Comment 12 Michel Dänzer 2017-08-23 01:20:17 UTC
(In reply to Janpieter Sollie from comment #11)
> disabling CIK support in my kernel and upgrading it to rc6 solved the
> problem.
> Probably CIK and SI are not really cooperating properly yet.

Weird, does rc6 still work with CIK support enabled?
Comment 13 Janpieter Sollie 2017-08-25 03:57:53 UTC
yes.
But I really think the problem is application-layer:
I do not see any errors in dmesg when running clinfo,
but when I run the application I'm developing, I see the following errors in dmesg:
[31637.263268] amdgpu 0000:41:00.0: AMD-Vi: Event logged [IO_PAGE_FAULT domain=0x0014 address=0x00000000ff9f4000 flags=0x0000]

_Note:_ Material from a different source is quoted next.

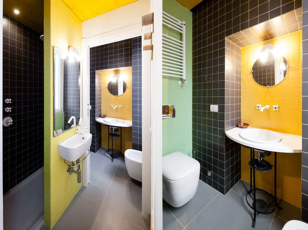 Un mix di idee e soluzioni che hanno portato alla realizzazione di un progetto coerente dal punto di vista compositivo e materico, contraddistinto da un comune denominatore, l’uso del colore giallo: riproposto in ogni ambiente, è rintracciabile in alcuni particolari degli arredi, nelle tavole da cantiere recuperate e riutilizzate diversamente e nel rivestimento di alcune pareti del bagno.

[31637.263379] amdgpu 0000:41:00.0: AMD-Vi: Event logged [IO_PAGE_FAULT domain=0x0014 address=0x00000000ff9e4000 flags=0x0000]
... and the application hangs
the interesting part here is: to make sure the driver does not "accidentally work", I added a polaris device to the system.  The amdgpu recognised the polaris, fiji and SI, but only the SI gives these faults.

do you know how I can figure out whether this is a kernel / midline / application layer problem?